Start of DATA SHOWN
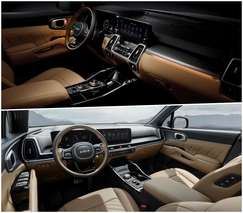 특히 `경계가 없는 이어짐`을 주제로 수평적인 조형을 통해 와이드한 이미지를 강조했는데, 12.3인치 크기의 클러스터와 인포테인먼트 시스템을 하나의 화면처럼 매끄럽게 연결한 파노라믹 커브드 디스플레이는 기아의 차세대 인포테인먼트 시스템 `ccNC`가 적용돼 다양한 정보를 통일감 있게 보여준다.
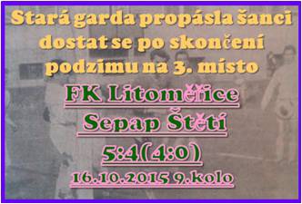 | 3. | FK Litoměřice B | 22 | 133:28 | 50 |
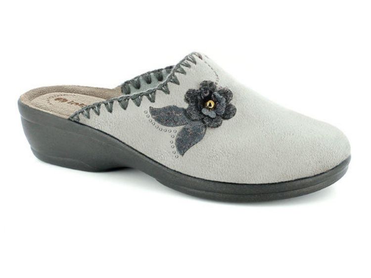 Queste ciabatte sono impreziosite da un fiore applicato e da una bordura ricamata. Per essere eleganti, anche in casa.
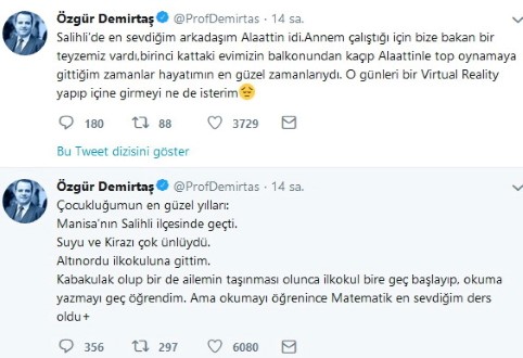 Sabancı Üniversitesi Finans Kürsü Başkanı olan ve çocukluk yıllarının bir bölümünü Salihli'de yaşayan ünlü Profesör Özgür Demirtaş, daha önce de Salihli anıları ile ilgili bir tweet atmıştı.
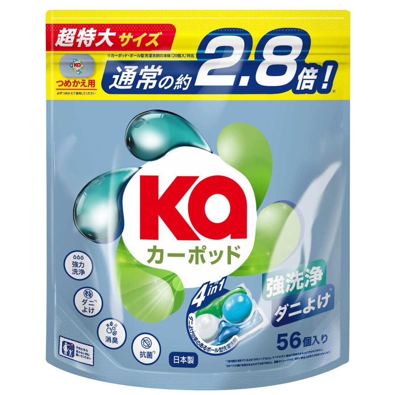 洗濯洗剤 カーポッド ダニよけ ジェルマジックボール 部屋干し 時短 便利 抗菌 柔軟 柔軟剤入り ギフト Ka Pod anti dustmite (詰替56粒) 大容量
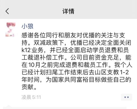 9月13日,新东方在线副总裁、东方优播CEO朱宇在微信朋友圈发文,表示新东方在线旗下东方优播已决定全面关闭K12业务(注:从小学一年级到高中三年级),并已经全面启动学员退费和员工裁退补偿工作。新东方在线目前资金充足,能在10月之前完成退费和裁员工作。
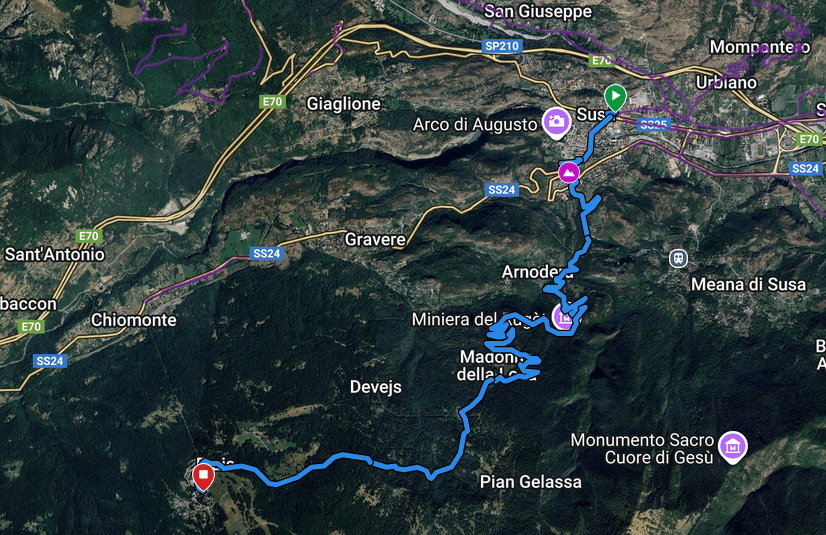 Wir starten in Susa, dem Endpunkt der letztjährigen Transalp. Kurz nach der Stadtgrenze, beginnt der stetige Aufstieg zu unserem Übernachtungsort nach Frais. Der Blick zurück bringt, immer wieder, spektakuläre Ausblicke ins Valle di Susa. Im kleinen Dorf Frais, beziehen wir Quartier und freuen uns auf den morgigen ersten Höhepunkt der diesjährigen Tour, die Strada dell'Assietta.
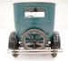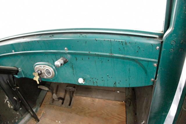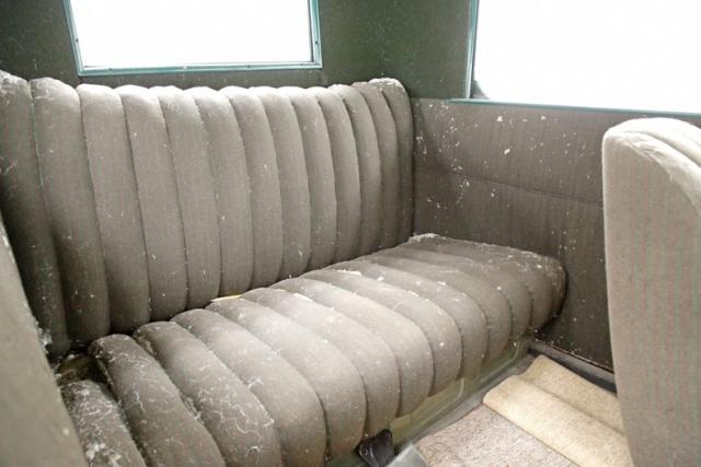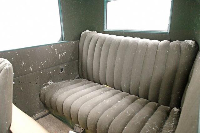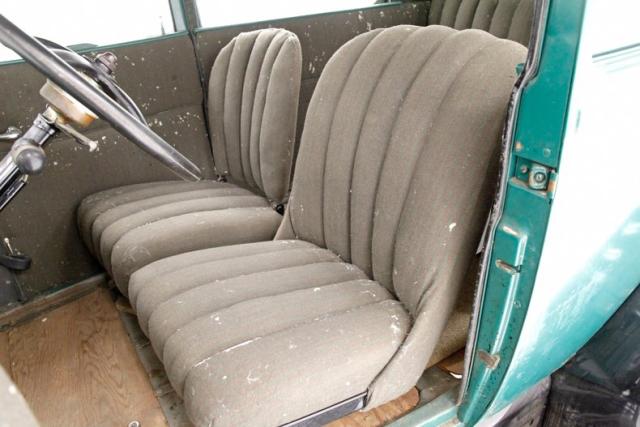 A swing of the door allows us to climb aboard and reveals 2 deeply tufted and padded cloth covered front bucket seats. These show some wear and moth damage in various locations throughout. A matching bench stretches across the back of the car, meeting up with the gray/brown broadcloth inner rear panels The green steel dash in very steampunk styling has oversized round black faced instruments with a tarnished chrome bezel and single knobs and dials as well as the steering wheel which is big and original rising towards the driver. Wood planks are making up the floor and are somewhat loose. Caressing the sides of the front buckets arematerial and color matching door panels with shiny chrome cranks. These panels have succumbed to heavy moth damage and will need replaced. The Model T pedal setup is there for you to figure out!
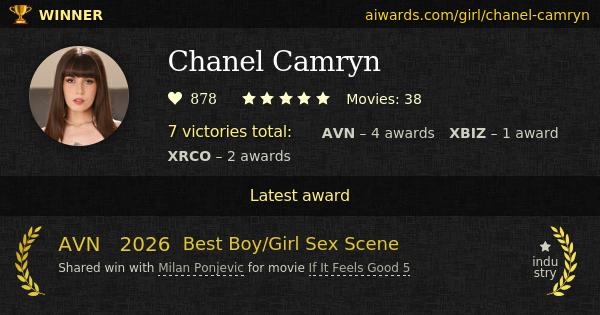 Chanel Camryn is a prize-winning pornstar and adult model. Ms Camryn played in over thirty movies. Multiple talents including Milan Ponjevic, Kai Jaxon and Jonni Darkko worked with Ms Chanel Camryn. Camryn performed in such movies as "Tushy Raw V66", "Suck Balls 6" and "Sunny Goldmelons". Multiple awarded studios including Tushy Raw, Evil Angel and Jonni Darkko Productions shoot scenes with Ms Camryn. Among Camryn perfomances in adult insudtry, gonzo and oral sex are the top-ranked ones. 2025th XRCO "Performer of the Year" went to Ms Chanel Camryn. Direct awards owned by Camryn include "Best New Starlet", "Best Supporting Actress" and "Female Performer Of The Year".
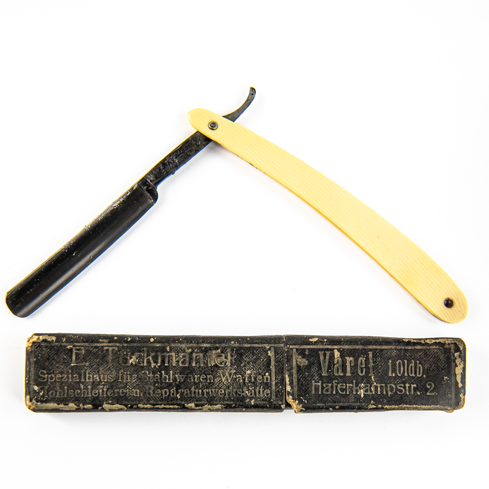 Vintage Straight Razor by E. Tuckmantel, with off-white celluloid scales. The face is blank, Tang reads “E. Tuckmantel Solingen Varel”, and reverse has a circular logo. Blade is in overall good condition, with nice luster and minimal tarnish, has cosmoline protectant applied. Original box IS included and is in poor condition. See photos and bid accordingly.
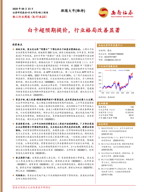 【西南证券】【20200823】20200823-西南证券-轻工行业周报:白卡超预期提价,行业格局改善显著-14页
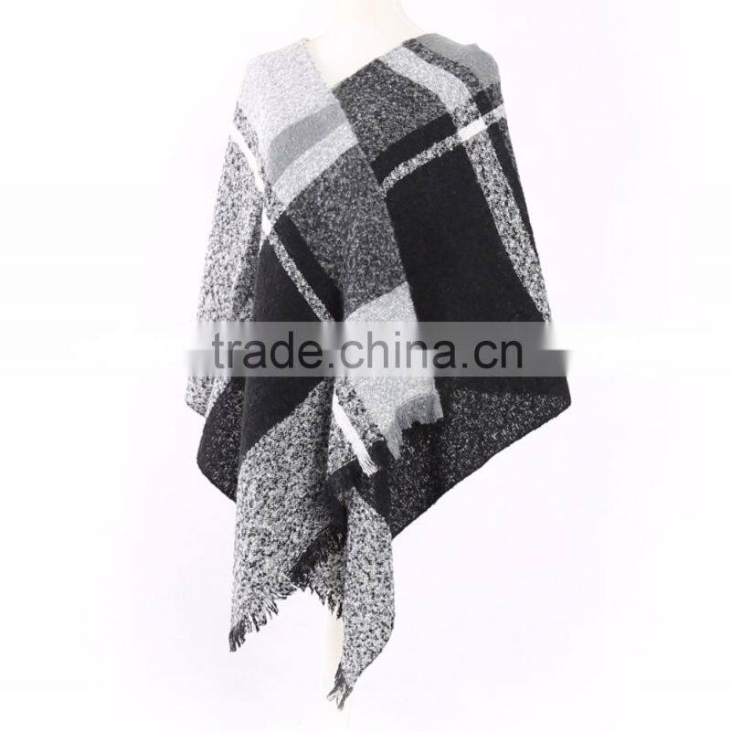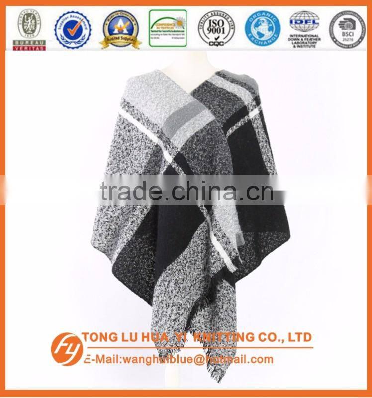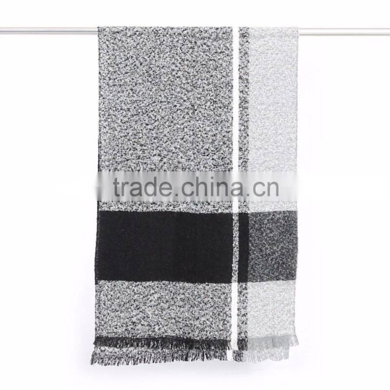 Fashion Soft Wholesale Black Chequer Loop Yarn Woven Square Scarf
End of DATA SHOWN
# [WHAT IS REQUIRED]
Could you transcribe every entry above exactly, leaving out the images?

# [ANSWER TO THIS TASK]
 특히 `경계가 없는 이어짐`을 주제로 수평적인 조형을 통해 와이드한 이미지를 강조했는데, 12.3인치 크기의 클러스터와 인포테인먼트 시스템을 하나의 화면처럼 매끄럽게 연결한 파노라믹 커브드 디스플레이는 기아의 차세대 인포테인먼트 시스템 `ccNC`가 적용돼 다양한 정보를 통일감 있게 보여준다.
 | 3. | FK Litoměřice B | 22 | 133:28 | 50 |
 Queste ciabatte sono impreziosite da un fiore applicato e da una bordura ricamata. Per essere eleganti, anche in casa.
 Sabancı Üniversitesi Finans Kürsü Başkanı olan ve çocukluk yıllarının bir bölümünü Salihli'de yaşayan ünlü Profesör Özgür Demirtaş, daha önce de Salihli anıları ile ilgili bir tweet atmıştı.
 洗濯洗剤 カーポッド ダニよけ ジェルマジックボール 部屋干し 時短 便利 抗菌 柔軟 柔軟剤入り ギフト Ka Pod anti dustmite (詰替56粒) 大容量
 9月13日,新东方在线副总裁、东方优播CEO朱宇在微信朋友圈发文,表示新东方在线旗下东方优播已决定全面关闭K12业务(注:从小学一年级到高中三年级),并已经全面启动学员退费和员工裁退补偿工作。新东方在线目前资金充足,能在10月之前完成退费和裁员工作。
 Wir starten in Susa, dem Endpunkt der letztjährigen Transalp. Kurz nach der Stadtgrenze, beginnt der stetige Aufstieg zu unserem Übernachtungsort nach Frais. Der Blick zurück bringt, immer wieder, spektakuläre Ausblicke ins Valle di Susa. Im kleinen Dorf Frais, beziehen wir Quartier und freuen uns auf den morgigen ersten Höhepunkt der diesjährigen Tour, die Strada dell'Assietta.
 A swing of the door allows us to climb aboard and reveals 2 deeply tufted and padded cloth covered front bucket seats. These show some wear and moth damage in various locations throughout. A matching bench stretches across the back of the car, meeting up with the gray/brown broadcloth inner rear panels The green steel dash in very steampunk styling has oversized round black faced instruments with a tarnished chrome bezel and single knobs and dials as well as the steering wheel which is big and original rising towards the driver. Wood planks are making up the floor and are somewhat loose. Caressing the sides of the front buckets arematerial and color matching door panels with shiny chrome cranks. These panels have succumbed to heavy moth damage and will need replaced. The Model T pedal setup is there for you to figure out!
 Chanel Camryn is a prize-winning pornstar and adult model. Ms Camryn played in over thirty movies. Multiple talents including Milan Ponjevic, Kai Jaxon and Jonni Darkko worked with Ms Chanel Camryn. Camryn performed in such movies as "Tushy Raw V66", "Suck Balls 6" and "Sunny Goldmelons". Multiple awarded studios including Tushy Raw, Evil Angel and Jonni Darkko Productions shoot scenes with Ms Camryn. Among Camryn perfomances in adult insudtry, gonzo and oral sex are the top-ranked ones. 2025th XRCO "Performer of the Year" went to Ms Chanel Camryn. Direct awards owned by Camryn include "Best New Starlet", "Best Supporting Actress" and "Female Performer Of The Year".
 Vintage Straight Razor by E. Tuckmantel, with off-white celluloid scales. The face is blank, Tang reads “E. Tuckmantel Solingen Varel”, and reverse has a circular logo. Blade is in overall good condition, with nice luster and minimal tarnish, has cosmoline protectant applied. Original box IS included and is in poor condition. See photos and bid accordingly.
 【西南证券】【20200823】20200823-西南证券-轻工行业周报:白卡超预期提价,行业格局改善显著-14页
 Fashion Soft Wholesale Black Chequer Loop Yarn Woven Square Scarf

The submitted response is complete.